Log of Work Done on Production Nodes

List of Spares for Production Nodes

ippc30.1 and ipp0xx.0 filesystem exported to jaws j00xbxx servers Mar. (10th), 2014 4pm

  • /export/ippc31.1 and /export/ipp0xx.0 filesystems exported to jaws cluster - per eugene/bills

stare0x.0 filesystem exported to entire IPP cluster Feb. (28th), 2014 4pm

  • /export/stare0x.0 filesystem exported to IPP cluster - per heather

Precautionary Shutdown of IPP Servers at MHPCC due to Tropical Storm Flossie July 29-30, 2013

  • Majority of servers powered up with no issues except for the following:
    ippc02 - need to check why alarm is on (chassis fan?)
    ippc53 - failed bootdisk in slot0 prevented system from detecting grub on mirror disk.
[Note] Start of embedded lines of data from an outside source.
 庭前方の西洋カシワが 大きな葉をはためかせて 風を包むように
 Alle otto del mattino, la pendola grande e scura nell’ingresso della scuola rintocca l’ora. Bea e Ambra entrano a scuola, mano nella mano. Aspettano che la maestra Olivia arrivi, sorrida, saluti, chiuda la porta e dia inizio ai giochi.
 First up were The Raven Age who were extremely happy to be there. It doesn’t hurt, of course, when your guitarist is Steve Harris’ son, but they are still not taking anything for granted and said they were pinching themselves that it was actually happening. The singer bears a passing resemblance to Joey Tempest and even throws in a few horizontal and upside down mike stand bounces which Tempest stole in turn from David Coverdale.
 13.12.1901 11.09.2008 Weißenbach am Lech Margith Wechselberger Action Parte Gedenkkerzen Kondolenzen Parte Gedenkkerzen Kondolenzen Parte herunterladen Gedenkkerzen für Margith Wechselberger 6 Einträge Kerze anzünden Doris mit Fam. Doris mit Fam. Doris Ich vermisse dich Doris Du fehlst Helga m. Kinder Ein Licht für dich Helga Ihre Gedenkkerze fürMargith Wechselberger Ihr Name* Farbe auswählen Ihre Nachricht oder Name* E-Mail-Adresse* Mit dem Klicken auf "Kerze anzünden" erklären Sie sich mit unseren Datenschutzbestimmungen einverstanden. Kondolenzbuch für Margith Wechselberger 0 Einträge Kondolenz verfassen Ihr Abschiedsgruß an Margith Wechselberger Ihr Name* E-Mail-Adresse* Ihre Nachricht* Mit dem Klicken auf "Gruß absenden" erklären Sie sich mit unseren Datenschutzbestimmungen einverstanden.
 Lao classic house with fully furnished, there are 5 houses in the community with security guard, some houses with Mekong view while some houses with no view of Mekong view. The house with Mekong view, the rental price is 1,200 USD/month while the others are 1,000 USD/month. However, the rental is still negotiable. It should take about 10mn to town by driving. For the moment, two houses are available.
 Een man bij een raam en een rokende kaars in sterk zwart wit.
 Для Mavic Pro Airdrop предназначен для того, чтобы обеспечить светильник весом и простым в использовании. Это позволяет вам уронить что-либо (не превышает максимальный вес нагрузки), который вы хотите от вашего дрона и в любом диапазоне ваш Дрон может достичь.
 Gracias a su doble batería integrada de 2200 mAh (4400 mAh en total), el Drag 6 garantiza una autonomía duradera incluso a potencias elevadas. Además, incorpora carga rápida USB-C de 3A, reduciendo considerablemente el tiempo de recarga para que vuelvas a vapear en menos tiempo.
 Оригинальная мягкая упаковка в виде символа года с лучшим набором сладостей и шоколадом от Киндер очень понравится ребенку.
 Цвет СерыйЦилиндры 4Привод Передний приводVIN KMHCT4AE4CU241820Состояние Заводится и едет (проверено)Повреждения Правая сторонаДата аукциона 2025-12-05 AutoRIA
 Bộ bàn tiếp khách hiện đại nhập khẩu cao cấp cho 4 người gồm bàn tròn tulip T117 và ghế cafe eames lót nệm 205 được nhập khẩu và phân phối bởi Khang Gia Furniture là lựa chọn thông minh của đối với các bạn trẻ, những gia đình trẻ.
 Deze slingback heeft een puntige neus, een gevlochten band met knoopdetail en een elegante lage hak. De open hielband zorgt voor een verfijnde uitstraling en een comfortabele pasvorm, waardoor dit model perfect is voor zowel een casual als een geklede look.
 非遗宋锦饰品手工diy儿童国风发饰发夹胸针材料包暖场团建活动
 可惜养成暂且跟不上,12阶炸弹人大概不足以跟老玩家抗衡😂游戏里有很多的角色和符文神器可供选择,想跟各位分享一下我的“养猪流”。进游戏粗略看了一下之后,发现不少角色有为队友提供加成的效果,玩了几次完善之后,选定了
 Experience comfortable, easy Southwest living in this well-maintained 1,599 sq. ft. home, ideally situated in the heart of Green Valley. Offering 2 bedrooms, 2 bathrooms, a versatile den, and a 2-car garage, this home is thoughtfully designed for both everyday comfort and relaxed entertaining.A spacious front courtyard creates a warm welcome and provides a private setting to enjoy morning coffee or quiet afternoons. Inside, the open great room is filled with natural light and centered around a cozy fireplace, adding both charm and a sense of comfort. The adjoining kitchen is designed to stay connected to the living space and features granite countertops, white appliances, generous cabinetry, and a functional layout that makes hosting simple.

Eddie replaced w/ new disk. software raid is rebuilding.
    ipp046 - required onsite intervention to get system powered up.
    ipp060 - required reboot to detect all 48GB of memory
    ippdb04 - Haydn booted up system at ATRC.
    

Network Outage due to MRTC-A Building Power Outage Scheduled for August (26th) 12pm - 1pm HST

  • MRTC-A will be installing electrical meters.
  • UH ITS Routers located in MRTC-A will be down, this is the only route out to the internet for PS1 IPP & PSPS, network will be unavailable during the scheduled power outage.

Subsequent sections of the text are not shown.